Repeat verbatim what the listing holds, but not its pictures.

▶ _AVAILABLE DATA_
---*---
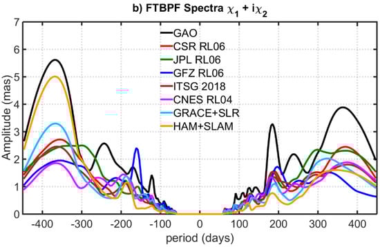 Fourier Transform Band Pass Filter (FTBPF) amplitude spectra of the GAO, GSMAM, GRACE + SLR, and HAM + SLAM computed in a broadband with (a) a 60–3000 day cut-off and (b) 60–450 day cut-off. The parameter λ describing the filter bandwidth when computing the FFBPF spectra was equal to 0.018. The minus time period on the plot indicates retrograde terms while plus time period indicates prograde terms.
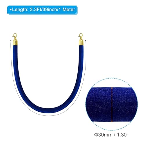 JAZZEEL - حبل تثبيت مخملي ازرق 100 سم مع خطافات ذهبية من جازيل، حبل حاجز للتحكم في الحشود للأعمدة والحوامل، فاصل طوابير للفنادق والمسرح والمناسبات
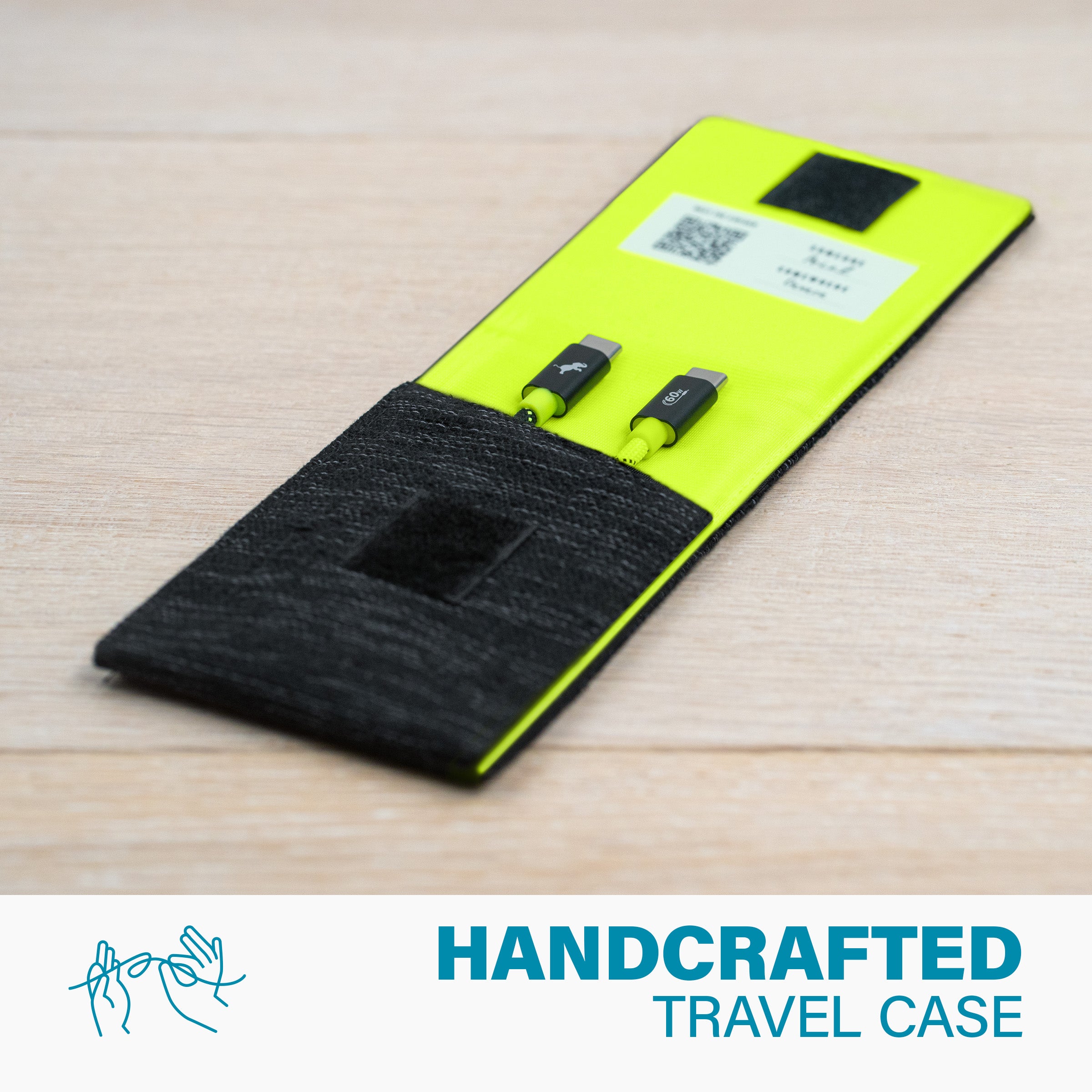 Every Travel Kit case is handcrafted using locally-sourced recycled materials, and features a unique label signed by the artisan involved in its creation, along with a QR Code to learn about their story.
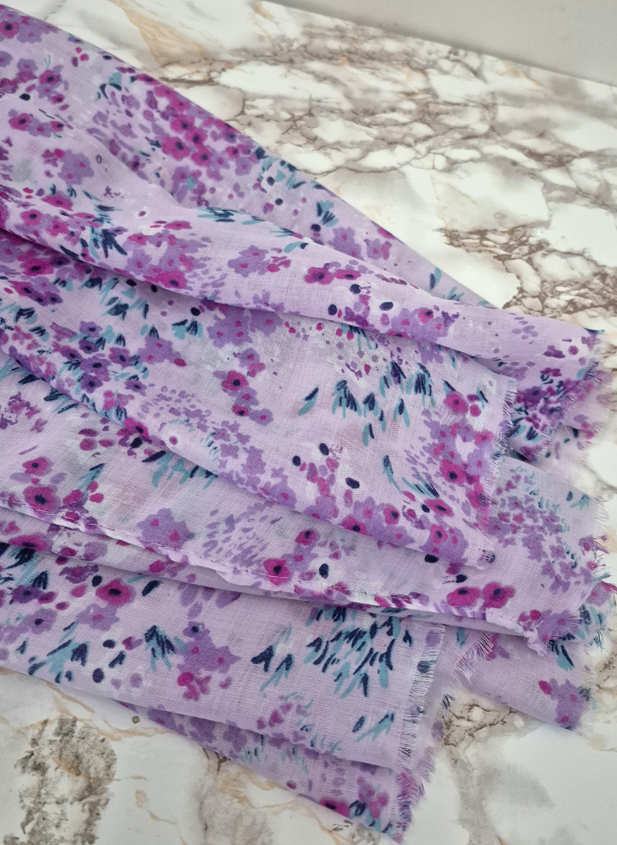 Add a touch of elegance with our Meadow Floral Hijab, a soft cotton-viscose blend featuring delicate pink, purple and blue blossoms on a lilac base with chic frayed edges.
---*---
▶ _TASK OUTPUT_
 Fourier Transform Band Pass Filter (FTBPF) amplitude spectra of the GAO, GSMAM, GRACE + SLR, and HAM + SLAM computed in a broadband with (a) a 60–3000 day cut-off and (b) 60–450 day cut-off. The parameter λ describing the filter bandwidth when computing the FFBPF spectra was equal to 0.018. The minus time period on the plot indicates retrograde terms while plus time period indicates prograde terms.
 JAZZEEL - حبل تثبيت مخملي ازرق 100 سم مع خطافات ذهبية من جازيل، حبل حاجز للتحكم في الحشود للأعمدة والحوامل، فاصل طوابير للفنادق والمسرح والمناسبات
 Every Travel Kit case is handcrafted using locally-sourced recycled materials, and features a unique label signed by the artisan involved in its creation, along with a QR Code to learn about their story.
 Add a touch of elegance with our Meadow Floral Hijab, a soft cotton-viscose blend featuring delicate pink, purple and blue blossoms on a lilac base with chic frayed edges.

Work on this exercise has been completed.